Il a ajouté : "Particulièrement ceux provenant d'entreprises appartenant à l'État ou fortement liées à l'État".

Il a également déclaré que l'accord ne concerne pas seulement les actifs miniers d'or, mais comprend également une mine proche d'or et de cuivre ainsi qu'une installation de transfert d'énergie.

"On pourrait peut-être avancer un argument assez convaincant que cela fait partie d'un jeu stratégique de la part de la Chine en Amérique latine", a-t-il déclaré.

"Le gouvernement canadien, le gouvernement américain et toute une série d’autres gouvernements ont fait beaucoup de bruit à propos d'une position plus ferme sur ce genre de choses. Je pense que ce que l'on voit ici est une sorte de mise en œuvre de ce type d’approche dans ce genre d’environnement géopolitique contesté".

Les avocats canadiens de Genting n'ont pas répondu à une demande de commentaire.

Le ministère de l'Innovation, des Sciences et du Développement économique du Canada a également refusé de commenter la demande de Genting auprès de la Cour fédérale.

"Le gouvernement du Canada ne commente pas les dossiers portés devant les tribunaux. Et en raison des obligations de confidentialité prévues par la Loi sur Investissement Canada, il ne peut faire de commentaires sur des opérations spécifiques", selon une déclaration du ministère dans un courriel.

Le gouvernement fédéral a annoncé des "changements majeurs" à la loi en mars de cette année.

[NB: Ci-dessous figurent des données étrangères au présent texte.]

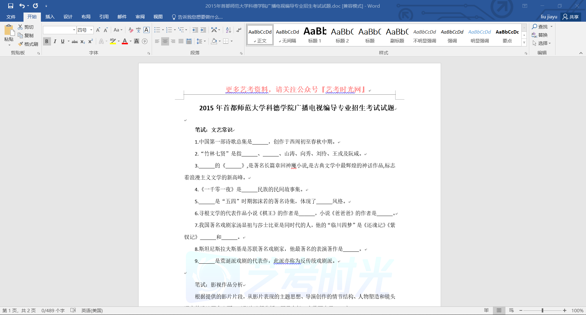 2015年首都师范大学科德学院广播电视编导专业招生考试试题
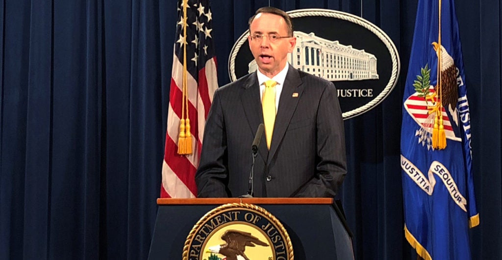 Special counsel Robert Mueller’s investigation of Russian meddling in the presidential election is “ongoing,” Deputy Attorney General Rod Rosenstein said at a press conference.
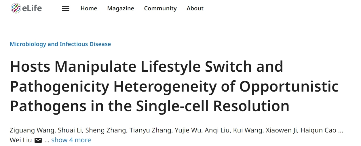 本网讯 近日,我校植物保护学院刘威教授团队在国际著名生物学综合期刊《eLife》(中科院1区)上正式刊登题为《Hosts Manipulate Lifestyle Switch and Pathogenicity Heterogeneity of Opportunistic Pathogens in the Single-cell Resolution》的研究性论文,报道了宿主作为重要因素可调控病原菌生活方式,并在单细胞水平上解析宿主调控病原菌毒力异质性的新机制,从而为人类精准防控病原菌提供理论基础。
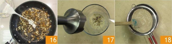 Por último, rocía con el brandy y desglasa con la nata y un chorrito de agua 16. Cocina otros diez minutos, hasta que las setas se hayan ablandado. En este punto, transfiere las setas a un recipiente y tritura con una batidora de inmersión, ajustando de sal 17. Finalmente, pasa la mezcla por un colador para obtener una salsa suave y homogénea 18.
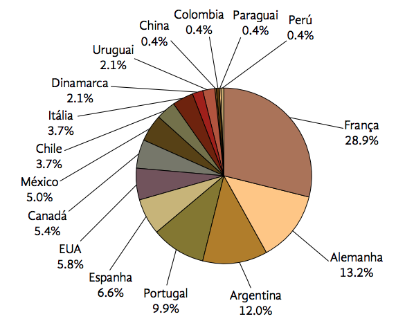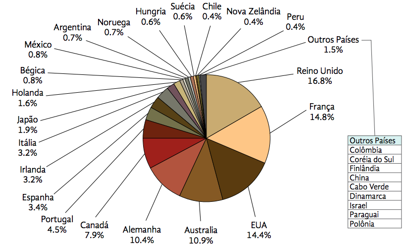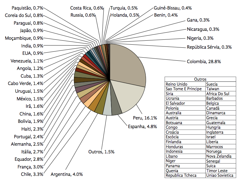 No gráfico a seguir observa-se a predominância de estudantes oriundos da Colômbia e do Peru, seguidos por Argentina, Espanha, Chile e Equador, com participação não significativa de mais de 60 países. (Gráfico 8).
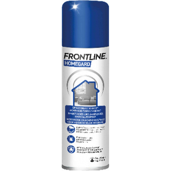 Ce spray ménager Frontline Homegard aide à éliminer les puces, les larves et les tiques présentes dans la maison et l'environnement (voiture, niche...).
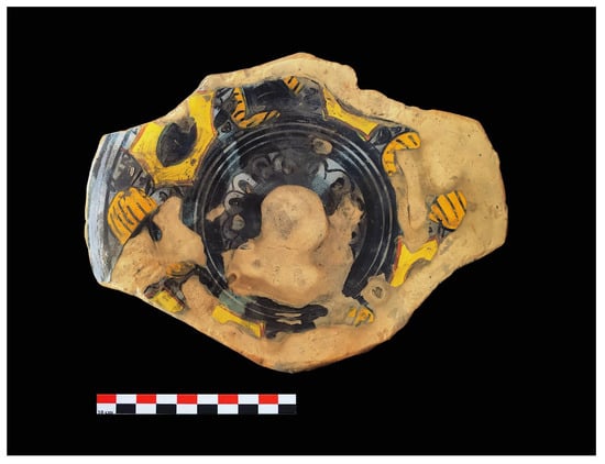 Among the objects, a small plate (diameter at the rim 20 cm), with an inverted rim and a slightly umbonate, sucker-shaped bottom was found (
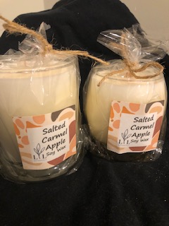 Slow burning soy wax candle with crackling wooden wick. Strong autumn scent of homemade apple crisp drizzled with sweet carmel.
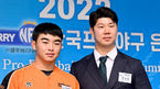 [OSEN=김성락 기자] 2일 오후 서울 강남구 호텔리베라에서 '2022 블루베리NFT 한국프로야구 은퇴선수의 날 시상식’이 열렸다.북일고 문현빈, 한화 김인환이 기념촬영을 하고 있다. 2022.12.02 /ksl0919@osen.co.kr
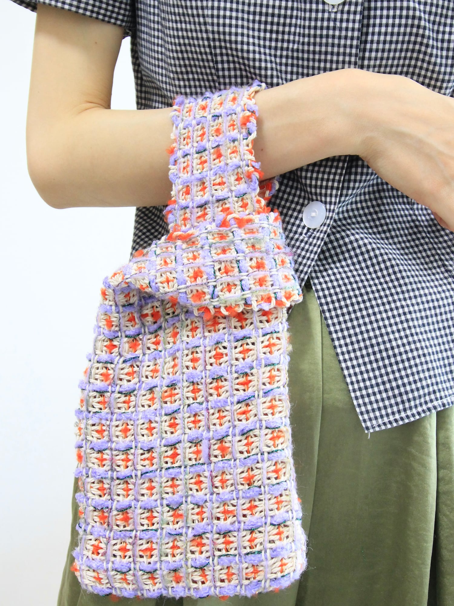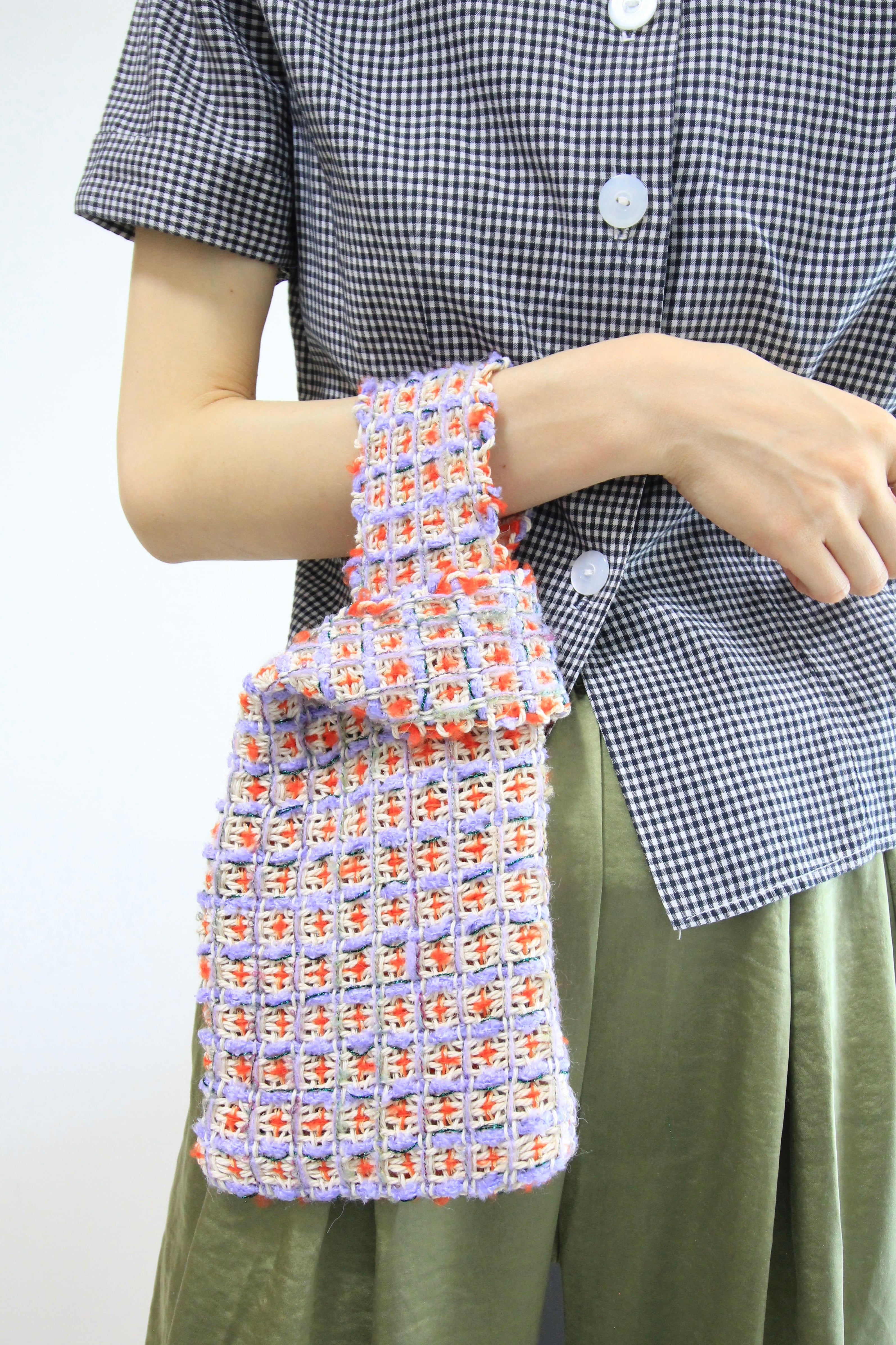 For the purse, a cotton-blend basho yarn is woven in, lending both strength and a softly grounded feel. It can be carried as a one-handle bag, or styled with a carabiner ring and shoulder strap for different ways of wearing ✧
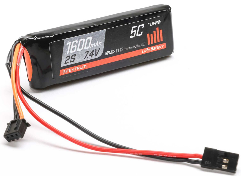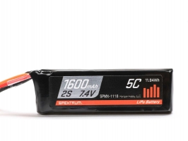 LiPo akumulátor Spektrum 7,4 V 1600 mAh 5C pro napájení RC přijímačů. Akumulátor je osazen přijímačovým JR konektorem a balančním konektorem JST-XH.
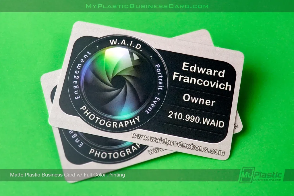 Our Matte Plastic Cards are expertly crafted to have the same look and feel as a credit card, with an elevated touch. It has never been easier to stand out in a sea of paper cards. We use .76mm thick plastic so your cards won’t rip or bend and can withstand the test of time. Our Matte Plastic paired with full-color printing produces colors that pop and allow gloss or foil to shine and get you noticed.
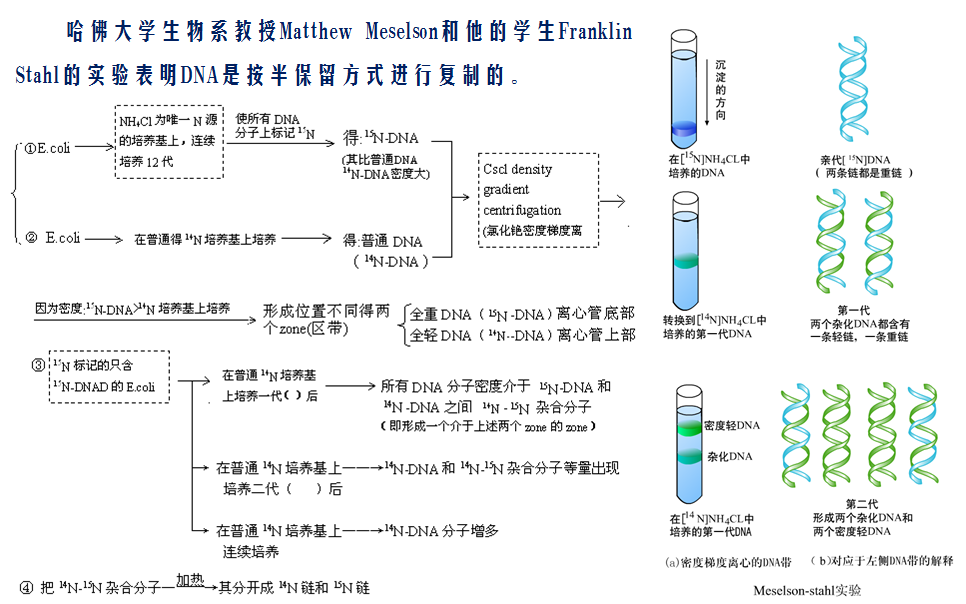 1958年Meselson-Stahl实验首次证实了DNA semiconservative replication(DNA半保留复制)
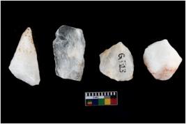 | Description / विवरण | A specimen of a fluted core having several broad fluted marks indicating the detached blades from it |
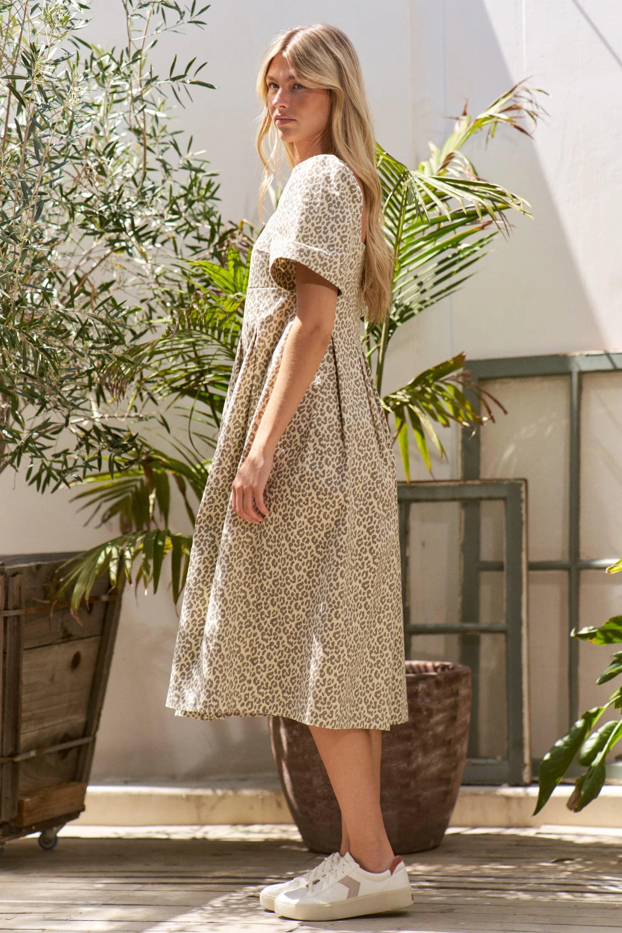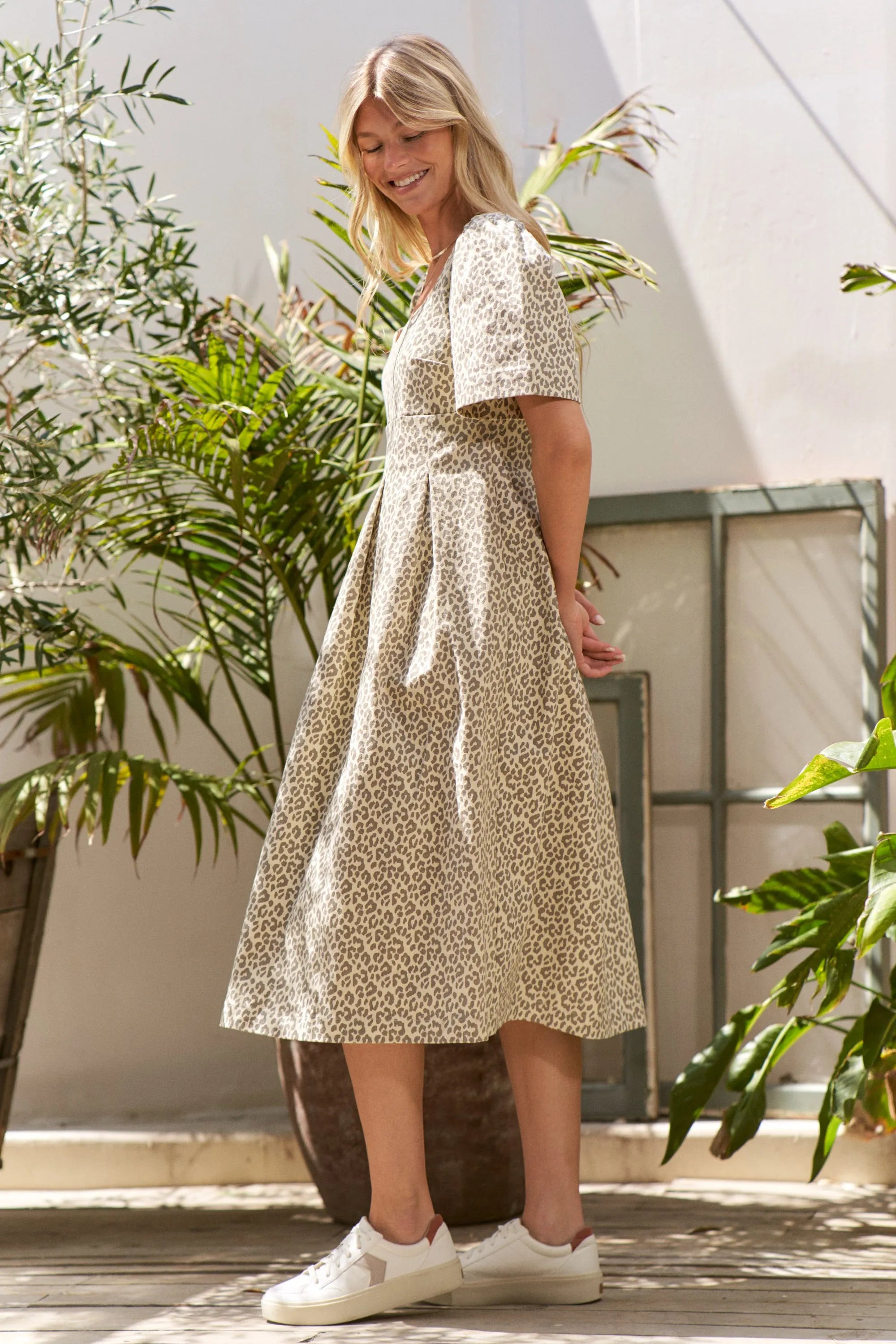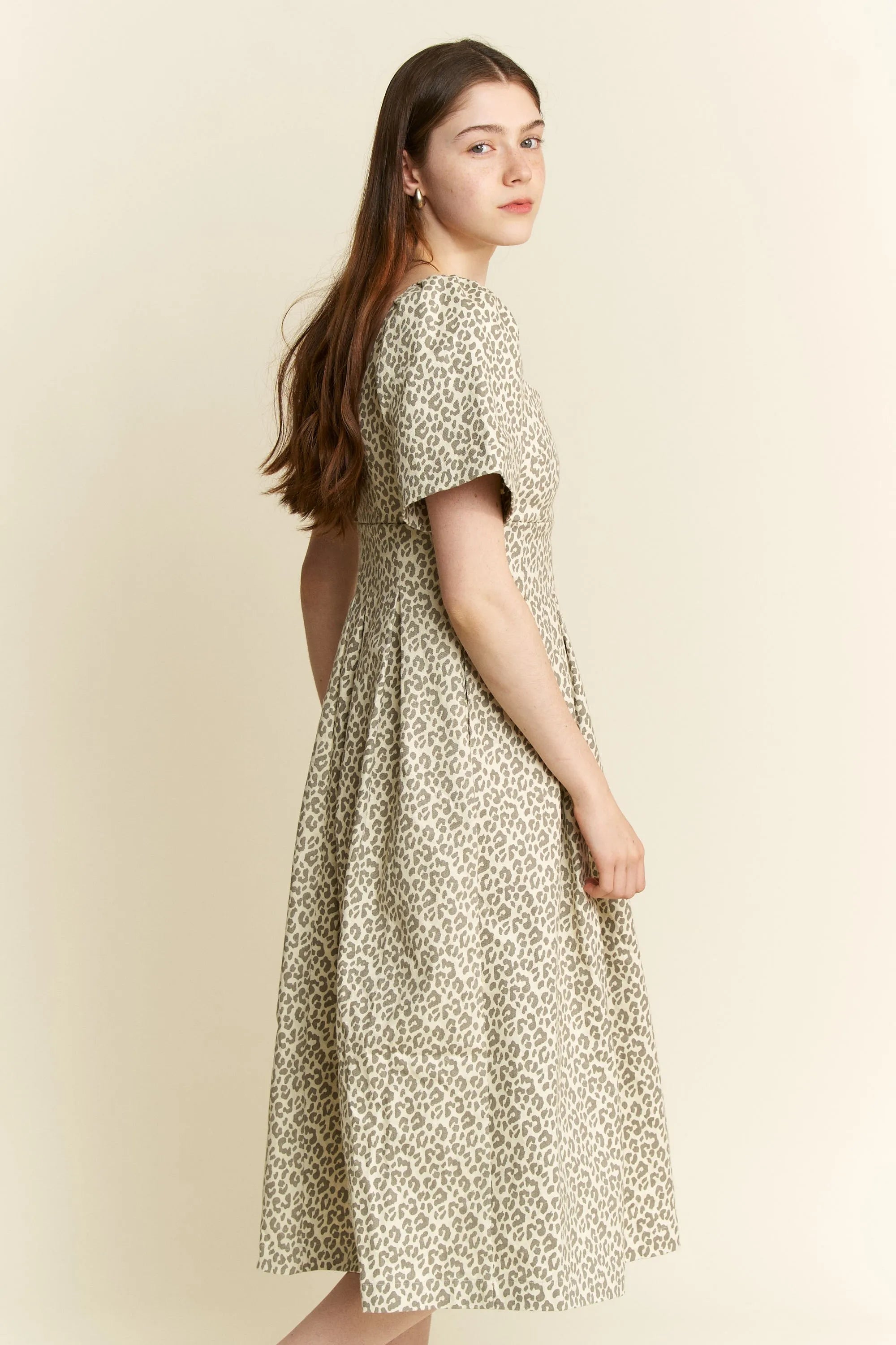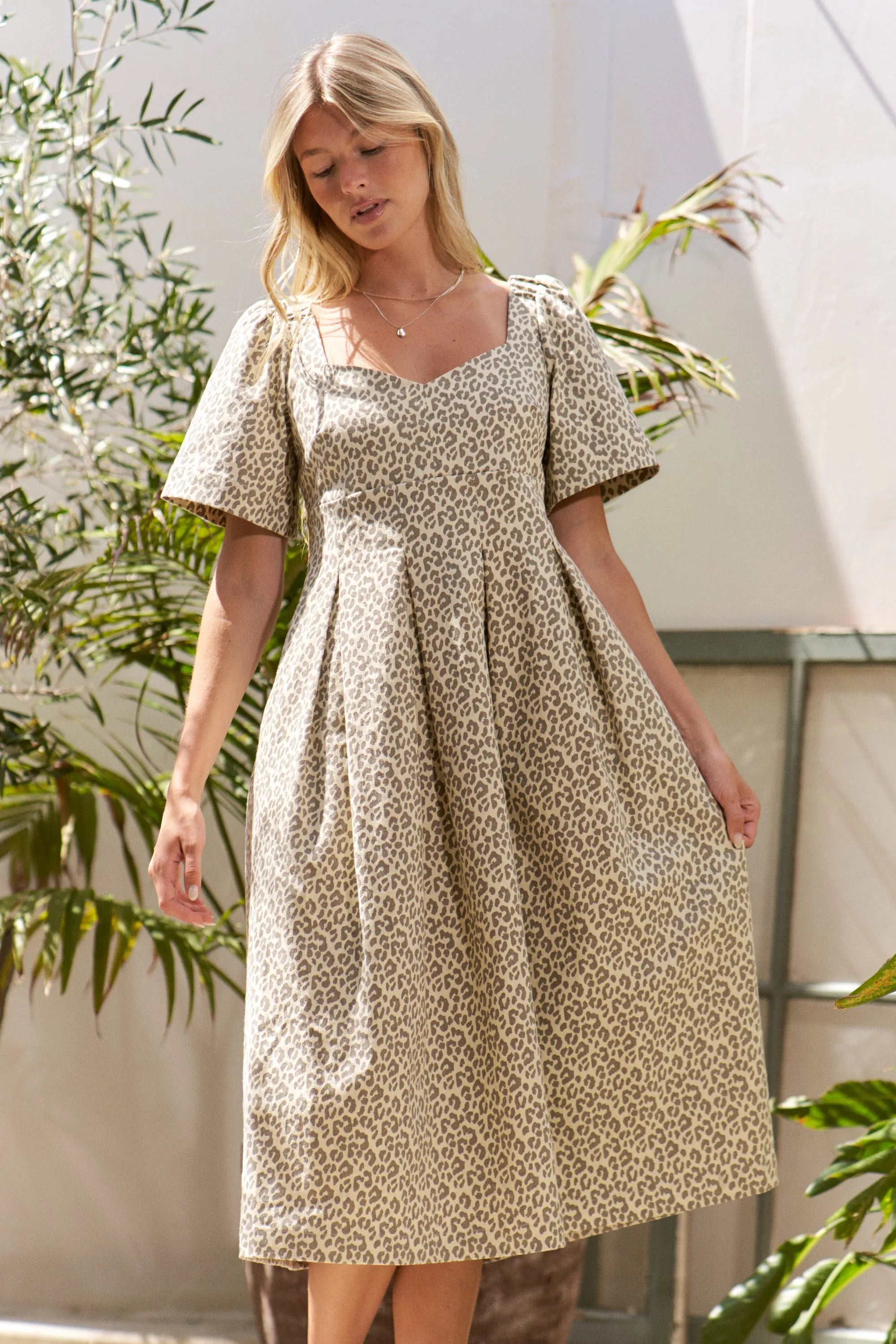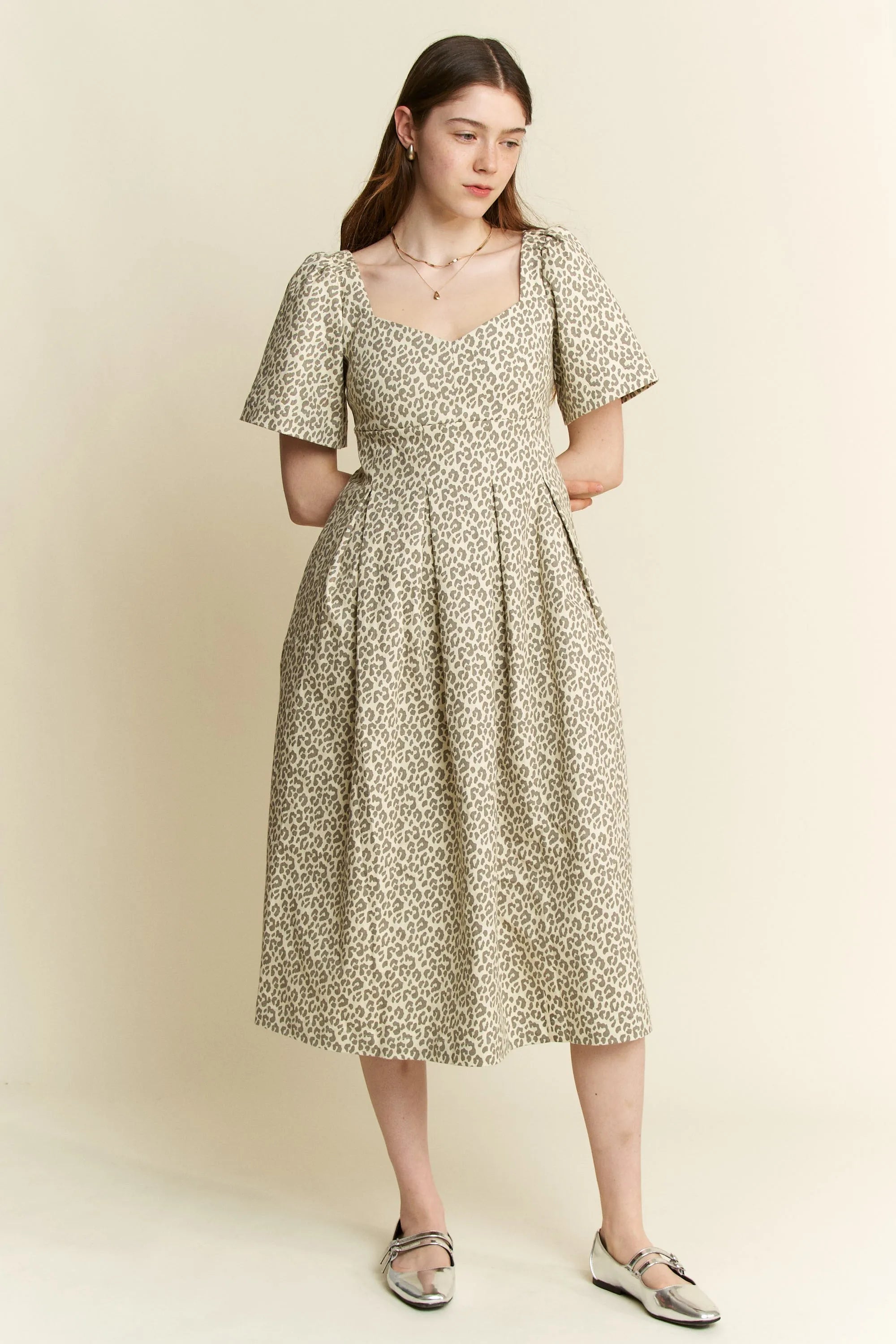 Jade By Jane Leopard Print Bell Sleeve Midi Dress - 97 % cotton

À l'époque, le ministère a déclaré : "Bien que l'investissement étranger soit essentiel à la prospérité économique, la Loi sur Investissement Canada est un levier clé qui permet au gouvernement du Canada d'agir rapidement et fermement lorsque l'investissement étranger menace la sécurité nationale".

"Alors que le monde change et que les menaces évoluent, le Canada a besoin de nouveaux outils pour continuer à protéger son économie et assurer la sécurité des Canadiens".

Shull a déclaré que les documents de l’affaire ne précisent pas les préoccupations spécifiques en matière de sécurité nationale que le ministre pourrait avoir, mais qu'il suivra de près l'affaire pour en connaître l'issue.

Il a déclaré que si la société réussissait à éviter un contrôle de sécurité nationale, cela placerait le Canada dans une "position étrange" en donnant aux entreprises étrangères un moyen de conclure des accords en dehors du cadre législatif "avec juste un peu de créativité juridique".